### Raw data
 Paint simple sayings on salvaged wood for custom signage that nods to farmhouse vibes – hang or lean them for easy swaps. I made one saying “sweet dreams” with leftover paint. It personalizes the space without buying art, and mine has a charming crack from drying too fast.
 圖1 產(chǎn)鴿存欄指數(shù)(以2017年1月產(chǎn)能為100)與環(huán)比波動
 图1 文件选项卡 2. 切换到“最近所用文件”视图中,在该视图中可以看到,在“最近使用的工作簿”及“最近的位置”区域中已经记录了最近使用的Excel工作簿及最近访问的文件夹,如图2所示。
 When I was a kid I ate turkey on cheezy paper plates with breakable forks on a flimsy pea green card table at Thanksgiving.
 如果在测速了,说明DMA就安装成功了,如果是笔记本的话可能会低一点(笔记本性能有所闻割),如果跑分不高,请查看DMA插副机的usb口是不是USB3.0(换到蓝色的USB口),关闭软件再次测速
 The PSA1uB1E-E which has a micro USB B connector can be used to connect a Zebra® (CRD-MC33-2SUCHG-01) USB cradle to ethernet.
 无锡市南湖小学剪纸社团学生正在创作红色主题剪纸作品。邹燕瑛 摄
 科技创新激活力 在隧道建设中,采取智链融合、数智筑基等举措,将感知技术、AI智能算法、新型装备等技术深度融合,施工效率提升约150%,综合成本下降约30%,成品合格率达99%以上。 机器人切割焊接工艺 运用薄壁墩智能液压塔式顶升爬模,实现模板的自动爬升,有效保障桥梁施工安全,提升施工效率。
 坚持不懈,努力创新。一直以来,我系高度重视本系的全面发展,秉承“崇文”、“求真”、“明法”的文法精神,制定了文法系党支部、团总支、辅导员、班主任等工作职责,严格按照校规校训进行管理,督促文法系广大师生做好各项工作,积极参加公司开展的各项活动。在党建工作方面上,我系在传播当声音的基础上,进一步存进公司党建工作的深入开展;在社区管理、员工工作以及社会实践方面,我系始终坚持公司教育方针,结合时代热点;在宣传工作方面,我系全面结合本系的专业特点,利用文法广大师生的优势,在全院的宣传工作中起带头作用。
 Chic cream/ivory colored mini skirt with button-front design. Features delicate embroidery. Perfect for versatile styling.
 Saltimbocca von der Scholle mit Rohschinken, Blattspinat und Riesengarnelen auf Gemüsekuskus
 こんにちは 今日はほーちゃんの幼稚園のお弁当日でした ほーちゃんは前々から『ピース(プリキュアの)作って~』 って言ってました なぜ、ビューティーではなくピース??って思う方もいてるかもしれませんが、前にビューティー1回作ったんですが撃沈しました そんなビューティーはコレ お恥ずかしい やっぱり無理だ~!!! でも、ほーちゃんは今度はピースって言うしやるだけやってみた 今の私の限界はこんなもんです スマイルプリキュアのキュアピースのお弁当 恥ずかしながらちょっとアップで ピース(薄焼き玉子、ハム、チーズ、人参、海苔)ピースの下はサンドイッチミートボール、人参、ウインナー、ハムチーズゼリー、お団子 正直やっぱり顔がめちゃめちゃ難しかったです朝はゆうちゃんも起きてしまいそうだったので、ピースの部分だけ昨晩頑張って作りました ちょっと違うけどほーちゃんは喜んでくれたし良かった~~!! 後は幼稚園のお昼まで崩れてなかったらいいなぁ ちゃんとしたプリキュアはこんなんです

### Goal of the exercise
Nothing but the lines from the one containing "Chic cream/ivory colored" through the last line of the material should be returned, each exactly as written, both ends included.

### Output of the task
 Chic cream/ivory colored mini skirt with button-front design. Features delicate embroidery. Perfect for versatile styling.
 Saltimbocca von der Scholle mit Rohschinken, Blattspinat und Riesengarnelen auf Gemüsekuskus
 こんにちは 今日はほーちゃんの幼稚園のお弁当日でした ほーちゃんは前々から『ピース(プリキュアの)作って~』 って言ってました なぜ、ビューティーではなくピース??って思う方もいてるかもしれませんが、前にビューティー1回作ったんですが撃沈しました そんなビューティーはコレ お恥ずかしい やっぱり無理だ~!!! でも、ほーちゃんは今度はピースって言うしやるだけやってみた 今の私の限界はこんなもんです スマイルプリキュアのキュアピースのお弁当 恥ずかしながらちょっとアップで ピース(薄焼き玉子、ハム、チーズ、人参、海苔)ピースの下はサンドイッチミートボール、人参、ウインナー、ハムチーズゼリー、お団子 正直やっぱり顔がめちゃめちゃ難しかったです朝はゆうちゃんも起きてしまいそうだったので、ピースの部分だけ昨晩頑張って作りました ちょっと違うけどほーちゃんは喜んでくれたし良かった~~!! 後は幼稚園のお昼まで崩れてなかったらいいなぁ ちゃんとしたプリキュアはこんなんです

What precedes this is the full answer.